Reach both hands down (as far as what is comfortable for you)

Row the Boat

Pull the rope (pretending there is an imaginary rope in front of you that you pull)

Boxing Punches

Arms scissoring across (under and over)

Overhead Press

Side Press (chest extension)

Elbow Extension (arms out, palms facing up, bring palms up to shoulders)

Shoulder Stretch (arm goes across the body, other arm supports the elbow)



Knee ups (Go up out up then down)

Leg to the side (hip opener)

Jumping (just lifting the feet barely off the ground)

Marching in place

Running in place


Lift legs up, feet up and down

Up and down on your toes

Up and down on your heels

Up and down going from toe toe to heel heel

Full Body Exercises:

Jumping Jacks (legs out and arms out)

Kick Boxing (kicking and punching with opposite hands and feet)

Side Twists (twisting at the waist, hands clasped in front)

Back and Chest Extension (straighten back and release, hands resting on knees)


Look up and down

Look Left Center Right

Ear to Shoulder

Neck Retraction - making a double chin

Shoulder Lift


Big Smile

Big Frown

Open Eyes Wide

Puffy Cheeks

Mouth open wide (pretend like you screaming on a roller coaster)
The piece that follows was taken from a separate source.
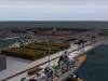 Prinz Eugen in harbor, U-Boat bunker in background |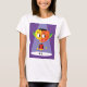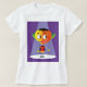 Un étrange personnage de tête orange sous un projecteur. Ce design semble vraiment efficace sur ce T-shirt féminin

Facial Rub: temples, cheeks, bridge of nose, and forehead

Deep Breathing and sit for 1 minute meditation

Scientific Research on Physical Activities

  1. Owen, N., Sparling, P. B., Healy, G. N., Dunstan, D. W., & Matthews, C. E. (2010). Sedentary Behavior: Emerging Evidence for a New Health Risk. Mayo Clinic Proceedings, 85(12), 1138–1141.

  2. Leung, P.-M., Ejupi, A., van Schooten, K. S., Aziz, O., Feldman, F., Mackey, D. C., … Robinovitch, S. N. (2017). Association between Sedentary Behaviour and Physical, Cognitive, and Psychosocial Status among Older Adults in Assisted Living. BioMed Research International, 2017, 1–7.

  3. Sung, H.-chuan, Chang, S.-min, Lee, W.-li, & Lee, M.-shinn. (2006). The effects of group music with movement intervention on agitated behaviours of institutionalized elders with dementia in Taiwan. Complementary Therapies in Medicine, 14(2), 113–119.